Aroeira 3 is a 400,000 year old Homo heidelbergensis hominid skull which was discovered in the Aroeira cave, Portugal. It is the earliest human trace in Portugal. H. heidelbergensis existed at the transition between Homo erectus and early Neanderthals and used both stone tools and fire. The skull was damaged during the 2014 excavation but was restored in the following two years. In 2017, the description of the skull was published in PNAS. It is on display in the National Archaeology Museum (Lisbon).

==Description==
Aroeira 3 is a 400,000 year old Homo heidelbergensis hominid skull from the Middle Pleistocene which was discovered in the Aroeira cave, Portugal and announced in spring 2017. It is the earliest human trace in Portugal.
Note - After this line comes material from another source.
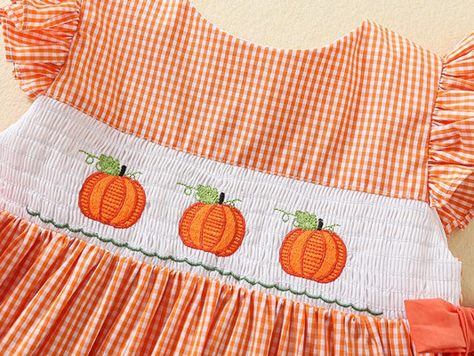 Cute Pumpkin Embroidered Dresses,12M to 5T.
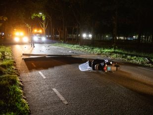· Een auto en een scooter hebben woensdag schade opgelopen bij een botsing met een lantaarnpaal die op de weg lag. De scooterrijder is ook lichtgewond geraakt.

Hominin fossils from this era are commonly classified as H. heidelbergensis, a chronospecies that stands at the transition between Homo erectus and early Neanderthals. The Palaeolithic Acheulean culture, attributed to this and other finds in the Cave of Aroeira, is characterised by the production of Stone tools, notably the hand axe and the use of fire. The skull was damaged during the 2014 excavation from the hard conglomerate rock, but was restored in the following two years. It was only in 2017 that the description of the skull was published in the Proceedings of the National Academy of Sciences of the United States of America (PNAS).

==Features==
Aroeira 3 shows some of the features from similar skulls found in Europe, but their combination is unique. The over-eyelashes are continuous, as in the Bilzingsleben skull fragments of Homo erectus bilzingslebensis. The mastoid of the temporal bone is short as in Homo steinheimensis from the gravel pit at Steinheim an der Murr. The large, triangular bony tap on the temporal bone near the auditory canal is also present in skull no. 5 from the site Sima de los Huesos in Spain, the best preserved Homo heidelbergensis skull in the world. The Aroeira 3 skull, however, differs from this and the Homo steinheimensis by the absence of essential features that also occur in the early Neanderthals.

==Location==
The skull was found in a cave above the source of the Rio Almonda, a tributary of the Tagus, which lies in the karst landscape of the Portuguese Estremadura Limestone Massif. The river forms an approximately 40-kilometer-long cut in the limestone massif with steep banks up to 70 meters in height. On these steep banks, there are various entrances to caves and cave systems that are partially collapsed or filled. Some caves have been excavated and explored. They are associated with human evolution during the Pleistocene and the cultural history during the Paleolithic. There are some cave systems used in the Upper Palaeolithic such as Entrada Superior, Entrada do Vale da Serra and Gruta da Aroeira. The Middle Palaeolithic is represented in the Gruta da Oliveira. Late Palaeolithic developments of the Solutrean and Magdalenian cultures can be found in the Galeria da Cisterna and the Lapa dos Coelhos.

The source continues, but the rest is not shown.